An actin remodeling role for Arabidopsis processing bodies revealed by their proximity interactome

Left: Gradual edge or vertex accumulation of DCP1‐GFP in three different root regions. DCP1 signal intensity among the three different regions, at the edge/vertex (epidermis). Right: z cross‐sectional images of DCP1‐GFP (green) in the whole root compared to FM4‐64 staining (magenta, staining membranes). The circular plots indicate the average DCP1 localization (regions 1–3; N, biological replicates = 3, n = 10 cells; comparing regions 1–2 and 2–3). The 3D‐rendered images (PIN2‐GFP vs. mSCarlet‐DCP1) show the localization of mScarlet‐DCP1 at edges/vertices in two different regions (in comparison to PIN2‐GFP signal which decorated almost evenly the PM). Scale bars: 20 μm. Arrowhead denotes the edge (region 2) and the vertex (region 3) decorated by mScarlet‐DCP1 (also in the z cross‐sectional image). Note in a single cell file, how the localization from the PM changes to the edge, as indicated, along the proximodistal axis.

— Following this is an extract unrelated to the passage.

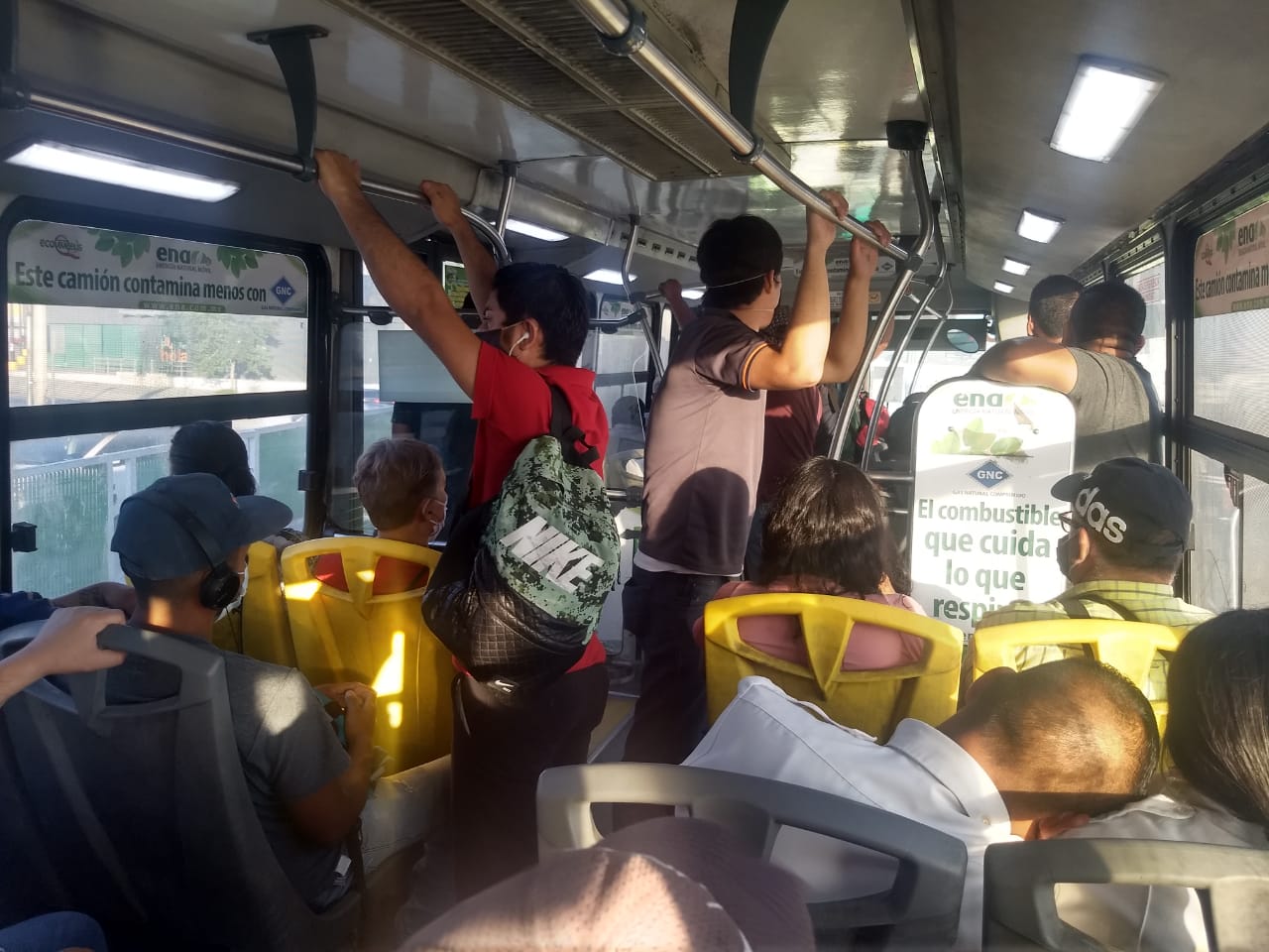 Manifestó que además de asegurarse que no se exceda el límite de personas en el colectivo, se verifica también que se estén cumpliendo todas las medidas de seguridad sanitaria, guardando la distancia marcada entre las personas, uso correcto de cubrebocas y la aplicación del gel sanitizante.

Representative confocal micrograph of DCP1‐GFP (DCP1pro:DCP1‐GFP, transgene) in root meristematic cells under NS/HS conditions (region 2). Scale bars, 5 μm. Note the depletion of DCP1 from the PM upon HS, but the increased edge/vertex signal (yellow arrowheads denote the vertex signal). Right: DCP1 signal intensity at the PM or edge/vertex (N, biological replicates = 3, n (pooled data of 3 biological replicates) = 18–23 PMs or edges/vertices).

Representative confocal images showing fusion (coarsening), fission, and growth of PBs (DCP1‐positive) at the PM (region 3). Right: states of PBs (dynamic: fusion and fission and non‐dynamic: stable; N, biological replicates = 2, n (pooled data of 3 biological replicates) = 6–8 PBs). As a cautionary note, the “stable” PBs may not show dynamicity in the imaging time used (~ 3–5 min) but later, may do.

Figure 4. DCP1 protein accumulates at edges and then vertices during development.